The Carmelite Monastery in Lourdes was founded 18 years after the apparitions on 16th July 1876 by nuns from the Carmel of Tulle in central France. The Mother Foundress, coming to Lourdes to find a suitable site for the future monastery, was very attracted by the land facing the Grotto on the other side of the River Gave. However, the terrain was on a narrow band of rock where any construction would be very difficult. Despite its proximity to the Grotto, previous visitors to the site had decided against anything being built there. The Mother Foundress had the idea of transporting soil to even out the level of the slope. This idea was accepted by the building contractors, and so the Monastery was built in a very privileged location overlooking the Grotto.

In the years following the foundation, the number of vocations grew considerably. The community swelled to such a size that in 1893 a number of sisters went to found a Carmel at Le Havre in northern France. [see 
http://www.laycarmel.org/index.php?nuc=content&id=367]

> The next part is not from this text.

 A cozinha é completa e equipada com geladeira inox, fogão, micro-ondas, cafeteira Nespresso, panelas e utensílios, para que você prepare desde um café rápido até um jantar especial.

In fact, many of our beloved Carmelite saints in the past 150 years have taken pilgrimages to Lourdes seeking graces and healings from Our Mother.  St. Zelie Martin, the mother of St. Therese, comes to mind as she sought healing from the breast cancer that was wracking her body with pain.  She was totally surrendered to the Divine Will of God, and although she did not obtain a cure there, she was granted a gift of great peace and calm to embrace the final months of her journey in life. Hers was an emotional and spiritual healing. So too do we see that St. Elizabeth of the Trinity and her mother and sister, Guite, all sought the graces of Lourdes. At the age of 18, Elizabeth would offer herself and her vocation to Our Lady at Lourdes, and wrote in a poem to Our Lady asking, "May his will be mine; that is what you must obtain for me."

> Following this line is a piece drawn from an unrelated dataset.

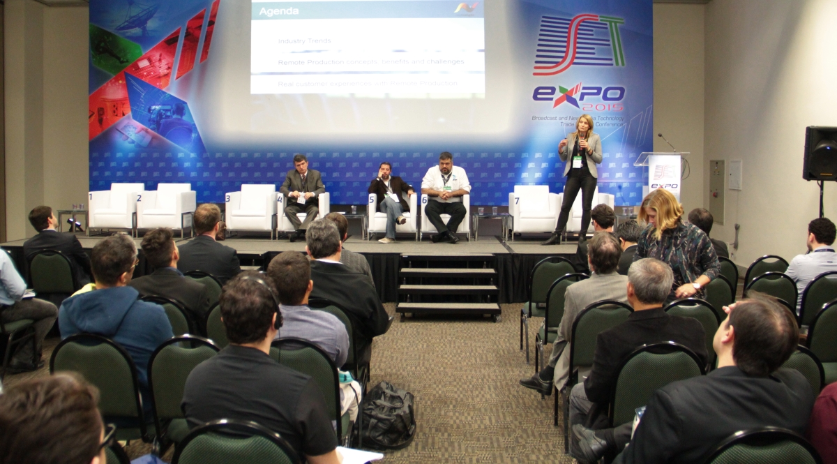 Encerrando o painel, Larissa Goerner, engenheira elétrica que desenvolve um trabalho focado na produção remota na Net Insight, afirmou que a produção remota é o futuro das transmissões esportivas. Mencionando a maior demanda de produções para 4k, Larissa contou que, “agora os broadcasters têm que produzir conteúdo com melhor qualidade, com o mesmo investimento ou até mesmo menos”.

Indeed, I pray that my spirit may be filled with the docility of Venerable Hermann, St. Zelie, and St. Elizabeth as my daughter and I journey to this place of refuge in the Immaculate Heart of Our Lady. May she continue to form and mold me, and may His will be done on earth as it is in heaven. May we be healed according to His perfect Will as He desires in mind, body, soul and spirit. Amen.